Books 2-5; World History up to the author's own time.
Books 6-7; Historiography of the Berbers and the Maghreb.
His books have some importance for East Africa but he only knows Mogadishu, Mombasa, Sofala.
Al-Muqaddim (Introduction)
Taken from: The Muqaddimah: Transl. Franz Rosenthal
Also called: Ibn Khaldun, Ibn Haldun, Ibn Khaldoun: Al Makkadima, Al Makaddima
The book is also called : Prolegomenes de l'Histoire des Berbers.

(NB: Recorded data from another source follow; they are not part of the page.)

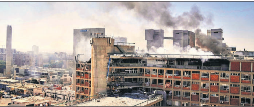
इजराइल के बीरशेबा में ईरान से दागी गई मिसाइल की चपेट में आने के बाद एक इमारत से उड़ता धुआं।

पाकिस्तान के सेना प्रमुख आसिम मुनीर ने अमेरिका में हुई मुलाकातों के दौरान क्षेत्रीय शांति व स्थिरता और नियमों पर आधारित अंतर्राष्ट्रीय व्यवस्था के प्रति प्रतिबद्धता जताई। पाकिस्तानी सेना की मीडिया शाखा इंटर सर्विस पब्लिक रिलेशंस ने एक बयान में कहा कि मुनीर ने अमेरिकी ट्रंप के साथ मुलाकात के बाद वाशिंगटन डीसी में वरिष्ठ स्कॉलर, विश्लेषकों, नीति विशेषज्ञों और प्रमुख अंतरराष्ट्रीय मीडिया संस्थानों के प्रतिनिधियों के साथ व्यापक वार्ता की। मुनीर अमेरिकी वैचारिक समूहों और सामरिक मामलों के संस्थानों के प्रतिनिधियों के साथ बातचीत से प्रमुख क्षेत्रीय व वैश्विक मुद्दों पर पाकिस्तान के सैद्धांतिक रुख को स्पष्ट करने व पाकिस्तान के सामरिक दृष्टिकोण को समझ को बढ़ाने का अवसर मिला।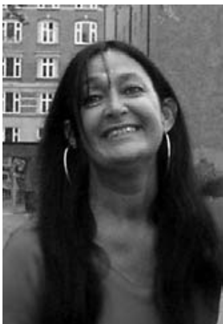
Annisette fanget af KP i Fælledparken 1. maj i år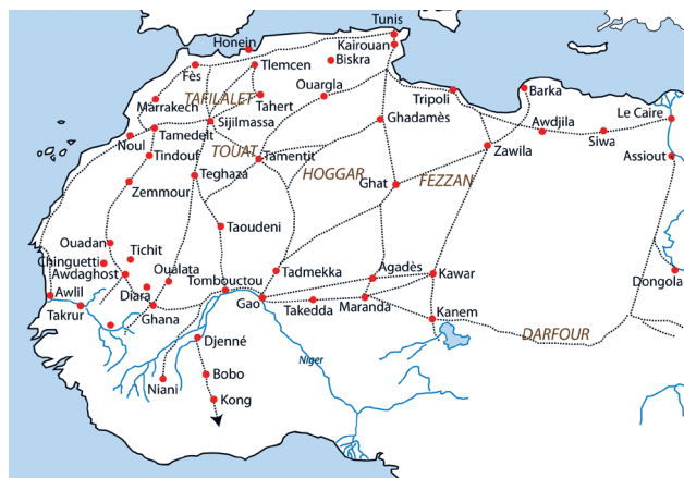
Figure 7 : Les axes transsahariens (XIII e -XV e siècle), carte de l'auteur.

Les marchands juifs acheminaient les produits d'exportation vers les portes du désert où avait lieu l'échange. Les plumes d'autruche, ainsi que d'autres produits évoqués précédemment, avaient été conduits d'Afrique noire jusqu'à ces marchés-relais du Sahara par le biais des caravanes qui suivaient les grandes pistes transsahariennes jalonnées de puits et en principe protégées [fig. 7]. Les caravanes parcouraient le Sahara en automne et en hiver, puisque la violence des vents du simoun interdisait les voyages l'été. Ces convois atteignaient des tailles parfois gigantesques, comportant plusieurs milliers de dromadaires. Il fallait compter environ deux mois de marche pour accomplir les 1 500 à 1 800 kilomètres de désert. Ceux qui importaient les produits d'Afrique noire étaient presque exclusivement des arabo-berbères ou des marchands juifs, fixés dans les villes de la lisière du Sahara, telles Sijilmassa au débouché des voies caravanières, Noul, Ouargla ou Ghadamès.

Note: this is the first volume of his Kitab al Ibar
P89
SECOND PREFATORY DISCUSSION
The parts of the earth where civilization is found. Some information about oceans, rivers, and zones
P91-92
From the Surrounding Sea, they say, a large and wide Sea flows on the east at 13 deg. north of the equator. It flows a little towards the south, entering the first zone. Then it flows west within the first zone until it
reaches the country of the Abyssinians and the Negroes and Bab al-Mandeb (1) in the fifth section of the first zone, 4,500 parasangs (2) from its starting point. This sea is called the Chinese, Indian, or Abyssinian sea. It is
bordered on the south by the country of the
Zendjs and the country of Berbera which Imru'ul-Qays (3) mentioned in his poem. These Berbers do not belong to the Berbers who make up the tribes in the Maghrib. The sea is then bordered by the town of Maqdachou (Mogadishu), the land of
Sofala, the places of the Quaq-Quaq (waqwaq) and
other people, after which there is nothing then deserts and waste. On the north where it starts it is bordered by China then Eastern and Western India and then by the coast of Yemen-that is al-Ahqaf
(4), Zabid (5), and other cities. Where it ends, it is bordered by the country of the Zendjs and beyond them the Beja (6).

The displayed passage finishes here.